[Data entries]
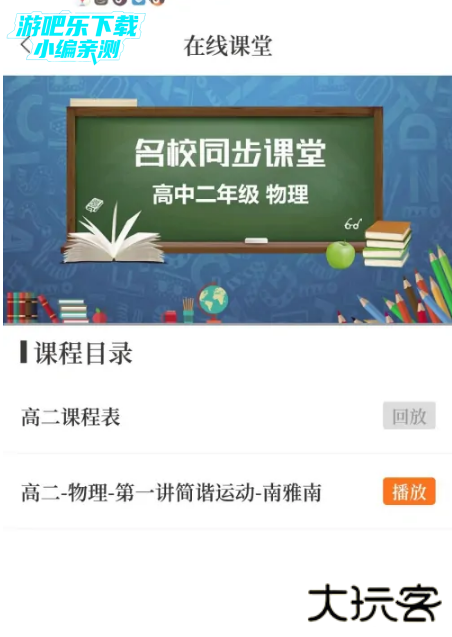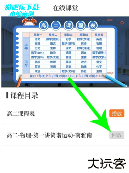 打开“在线课堂-物理”界面,然后点击高二课程表右侧的“回放”按钮即可观看课程表。接着点击课程右侧的“回放”按钮即可观看直播课视频回放。
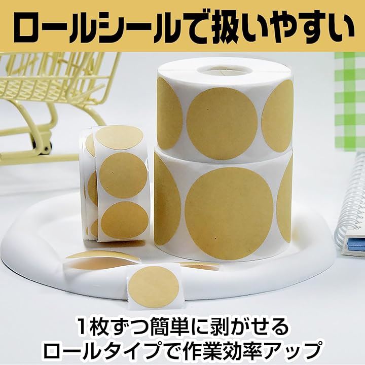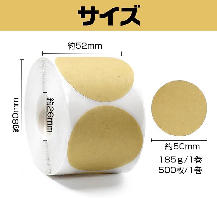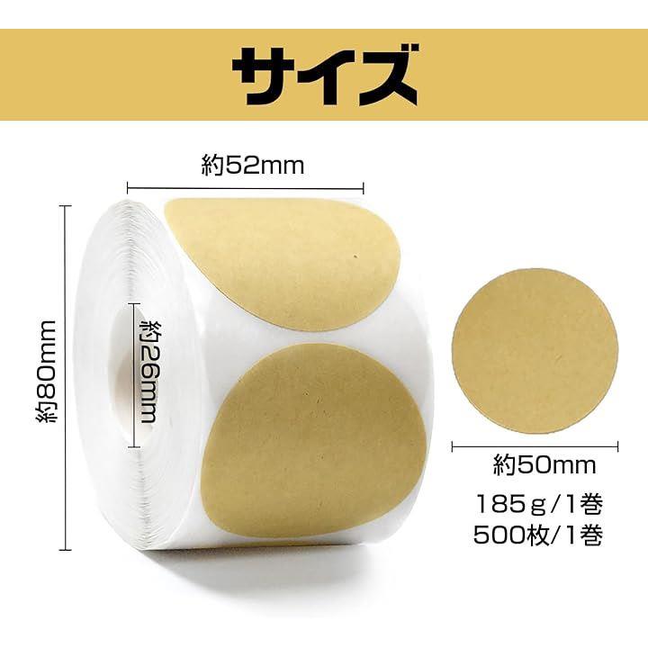 丸シール クラフト紙 ロールシール 50mm 500枚 丸型ラベル印刷 円形ステッカー 文字が書ける
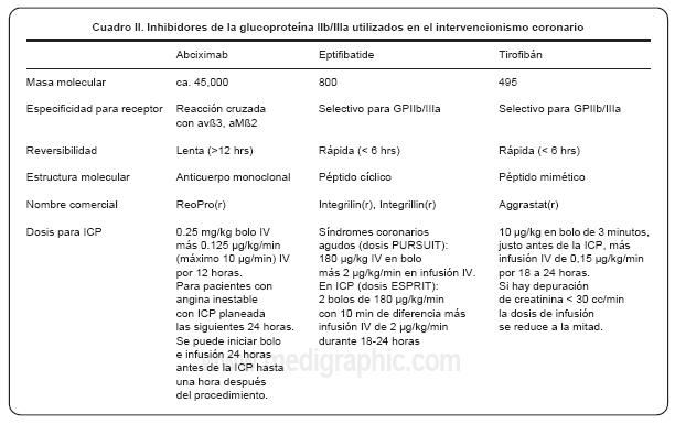 Inhibidores de la glucoproteína IIb/IIIa: a pesar del pretratamiento con aspirina, los eventos isquémicos precoces aún se siguen presentando, con incidencia que va de 3% a 12,8%. Tras la angioplastía otros potentes agonistas plaquetarios siguen presentando gran actividad, y son capaces de inducir la formación de adenosín difosfato y serotonina y con ello fomentar la expresión de receptores de GP IIb/IIIa en la superficie plaqueta ria.4245 Una vez que se han activado dichos receptores, éstos funcionan como puentes entre las plaquetas el fibrinógeno y otras moléculas de adhesión plaquetaria y constituyen de este modo la vía común final de la formación del trombo plaquetario. De este modo es como los receptores GP IIb/IIIa se convirtieron en una diana más para el tratamiento de los síndromes coronarios agudos.4145 En el cuadro II se enuncian los inhibidores GP llb/llla de uso más frecuente, las dosis habituales y sus principales características.
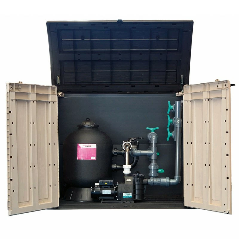 Contenedor o caseta para la instalación de sistema de filtración en piscina. Se trata de un producto con material Hayward, compuesto por filtro y bomba Hayward Powerline.
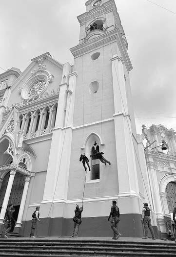 Ellos se lanzaban en parejas desde la cima del campanario de la iglesia, mientras los helicópteros de la Fuerza Civil volaban sobre el primer cuadro de la capital veracruzana.
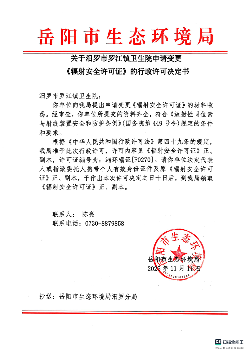 汨罗市罗江镇卫生院申请变更《辐射安全许可证》的行政许可决定
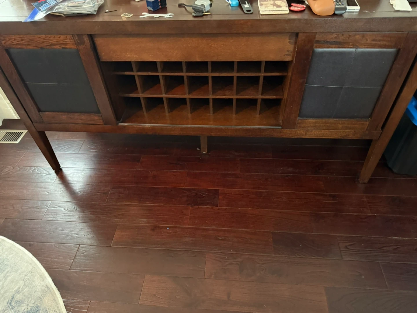 This wooden sideboard offers ample storage with its divided compartments and a convenient drawer. It features a built-in wine rack perfect for organizing bottles. The dark wood finish complements many decors.
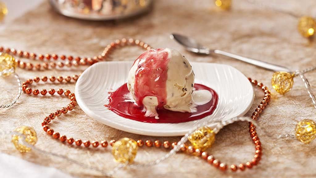 Itse tehty jäätelö saa makua piparitaikinasta. Tee kaveriksi viinimarjasiirappi!

§ Task
From the first line to the last, repeat the records exactly, leaving out the pictures.

§ Response below
 打开“在线课堂-物理”界面,然后点击高二课程表右侧的“回放”按钮即可观看课程表。接着点击课程右侧的“回放”按钮即可观看直播课视频回放。
 丸シール クラフト紙 ロールシール 50mm 500枚 丸型ラベル印刷 円形ステッカー 文字が書ける
 Inhibidores de la glucoproteína IIb/IIIa: a pesar del pretratamiento con aspirina, los eventos isquémicos precoces aún se siguen presentando, con incidencia que va de 3% a 12,8%. Tras la angioplastía otros potentes agonistas plaquetarios siguen presentando gran actividad, y son capaces de inducir la formación de adenosín difosfato y serotonina y con ello fomentar la expresión de receptores de GP IIb/IIIa en la superficie plaqueta ria.4245 Una vez que se han activado dichos receptores, éstos funcionan como puentes entre las plaquetas el fibrinógeno y otras moléculas de adhesión plaquetaria y constituyen de este modo la vía común final de la formación del trombo plaquetario. De este modo es como los receptores GP IIb/IIIa se convirtieron en una diana más para el tratamiento de los síndromes coronarios agudos.4145 En el cuadro II se enuncian los inhibidores GP llb/llla de uso más frecuente, las dosis habituales y sus principales características.
 Contenedor o caseta para la instalación de sistema de filtración en piscina. Se trata de un producto con material Hayward, compuesto por filtro y bomba Hayward Powerline.
 Ellos se lanzaban en parejas desde la cima del campanario de la iglesia, mientras los helicópteros de la Fuerza Civil volaban sobre el primer cuadro de la capital veracruzana.
 汨罗市罗江镇卫生院申请变更《辐射安全许可证》的行政许可决定
 This wooden sideboard offers ample storage with its divided compartments and a convenient drawer. It features a built-in wine rack perfect for organizing bottles. The dark wood finish complements many decors.
 Itse tehty jäätelö saa makua piparitaikinasta. Tee kaveriksi viinimarjasiirappi!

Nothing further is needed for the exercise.